# Data section

○ ○ ○

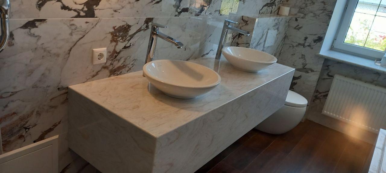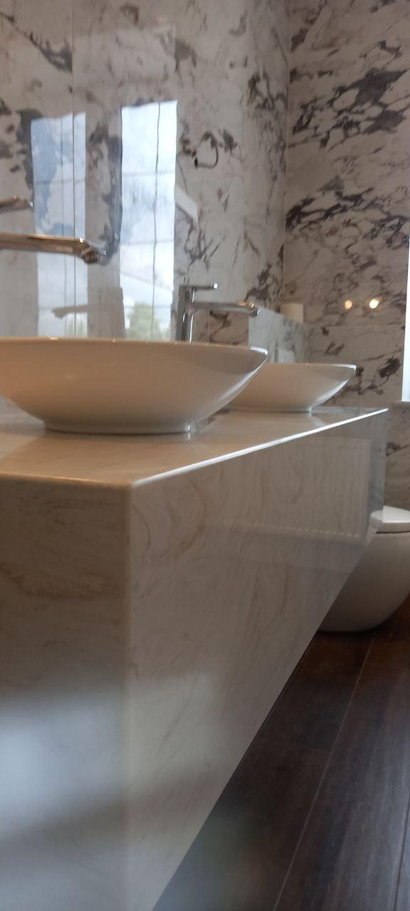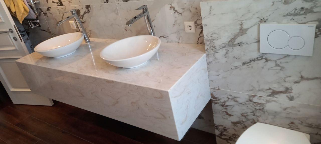 Столешница из искусственного камня с высокими бортами для ванной комнаты
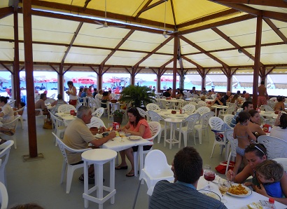 Next time we go, I am taking a small pot of chilli sauce with me! Then there is the usual fantastic salad and after that a huge choice of meat or fish – we all had veal escalope just because I had cooked fish for two days running at home and I needed a meat fix! But you can be sure that everything here is freshly cooked and absolutely delicious because their clientele is clearly very important to them (most of the houses on this stretch are upwards of a million euros and so standards are high). We didn’t have any room for dessert – I would concentrate on the starters and mains frankly. We had a few glasses of wine and the boys drank beer and lots of water. Our bill came to an amazing 20 euros a head with a tip! You can’t complain at that can you? Suffice it to say we will be cramming in as many visits as possible before they close during the second week of September!
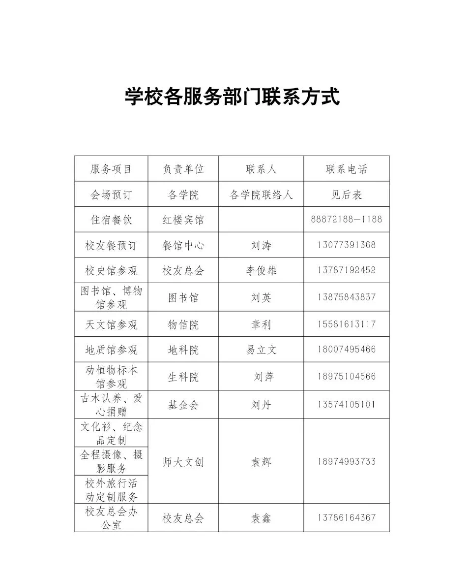 校友总会秘书处、各学院及相关职能部门将全力为校友返校联系、落实好各项服务项目。
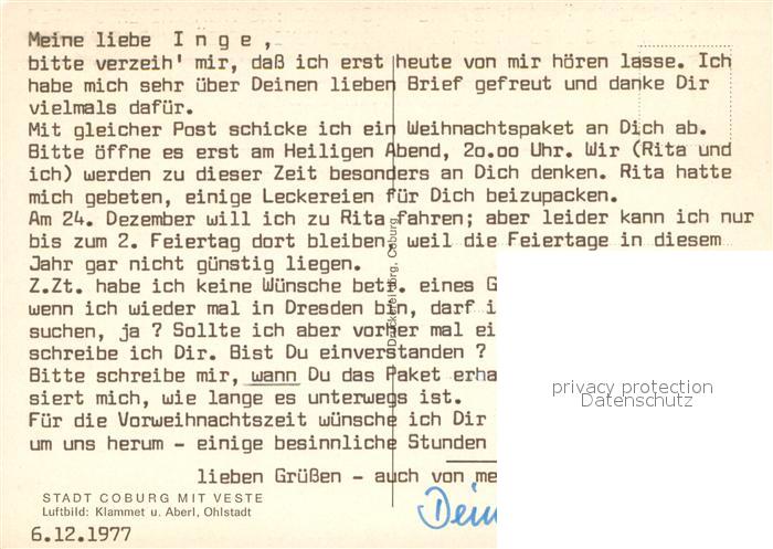 73701707 Coburg Bayern Fliegeraufnahme mit Veste Coburg postalisch nicht gelaufen Erhaltung siehe scans [WerneD78] Wern Katcode 11110009463000

○ ○ ○

# Task details
Every line of the data above should be returned exactly, with the pictures removed.

# Solution to this problem
 Столешница из искусственного камня с высокими бортами для ванной комнаты
 Next time we go, I am taking a small pot of chilli sauce with me! Then there is the usual fantastic salad and after that a huge choice of meat or fish – we all had veal escalope just because I had cooked fish for two days running at home and I needed a meat fix! But you can be sure that everything here is freshly cooked and absolutely delicious because their clientele is clearly very important to them (most of the houses on this stretch are upwards of a million euros and so standards are high). We didn’t have any room for dessert – I would concentrate on the starters and mains frankly. We had a few glasses of wine and the boys drank beer and lots of water. Our bill came to an amazing 20 euros a head with a tip! You can’t complain at that can you? Suffice it to say we will be cramming in as many visits as possible before they close during the second week of September!
 校友总会秘书处、各学院及相关职能部门将全力为校友返校联系、落实好各项服务项目。
 73701707 Coburg Bayern Fliegeraufnahme mit Veste Coburg postalisch nicht gelaufen Erhaltung siehe scans [WerneD78] Wern Katcode 11110009463000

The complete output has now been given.